Although under almost constant shellfire, for the whole of that night and until noon next day he continued to guide wounded men to the boats. His courage and total lack of self-concern saved many lives, for which he was awarded the Distinguished Conduct Medal. 

When the regiment returned to the Continent in 1944, Glynn was a sergeant with B Squadron. On the night of September 4, while his troops were supporting 1/6th Battalion The Queen's Regiment near Malines, their combined infantry/tank position was subjected to a determined German attack, of which the focal point was Glynn's tank. It became the target for anti-armour rockets and grenades from a small house nearby. Glynn could easily have destroyed the house with one shell from his main tank gun, but he knew that this would inevitably lead to the deaths of the Belgian family inside. So he engaged the enemy with machine-gun fire until they were driven out. 

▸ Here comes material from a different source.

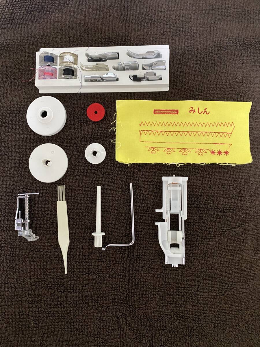 画像にある付属品は全てお送りしますが、試し縫いの布だけ眼鏡拭きに使ってしまったのでお送りできません。

Glynn received the Military Medal for his determination and gallantry on the night of September 4-5. His coolness in refusing to use his main tank armament to avoid killing civilians stood out as an example of care and humanity, excelling even what he had shown on the beaches of Dunkirk. 

On leaving the Army in 1946, he became a market trader in Northamptonshire until establishing a security business with his brother-in-law when they were both aged 60. Ten years later, the two partners were set upon by two youths but, with Glynn making free use of his walking stick, they put their assailants to flight, despite suffering some injuries. During that night, the police called to arrest him for causing one of the youths actual bodily harm and he spent the night in a police cell. The following morning common sense prevailed and he was released without charge. 

He is survived by his wife Vera, whom he married in 1941, and one daughter. 

Sergeant Edwin Glynn, DCM, MM, was born on November 18, 1915. He died on March 16, 2004, aged 88.


----------



## Bruce Monkhouse (10 Apr 2004)

Sleep well, Soldier.


----------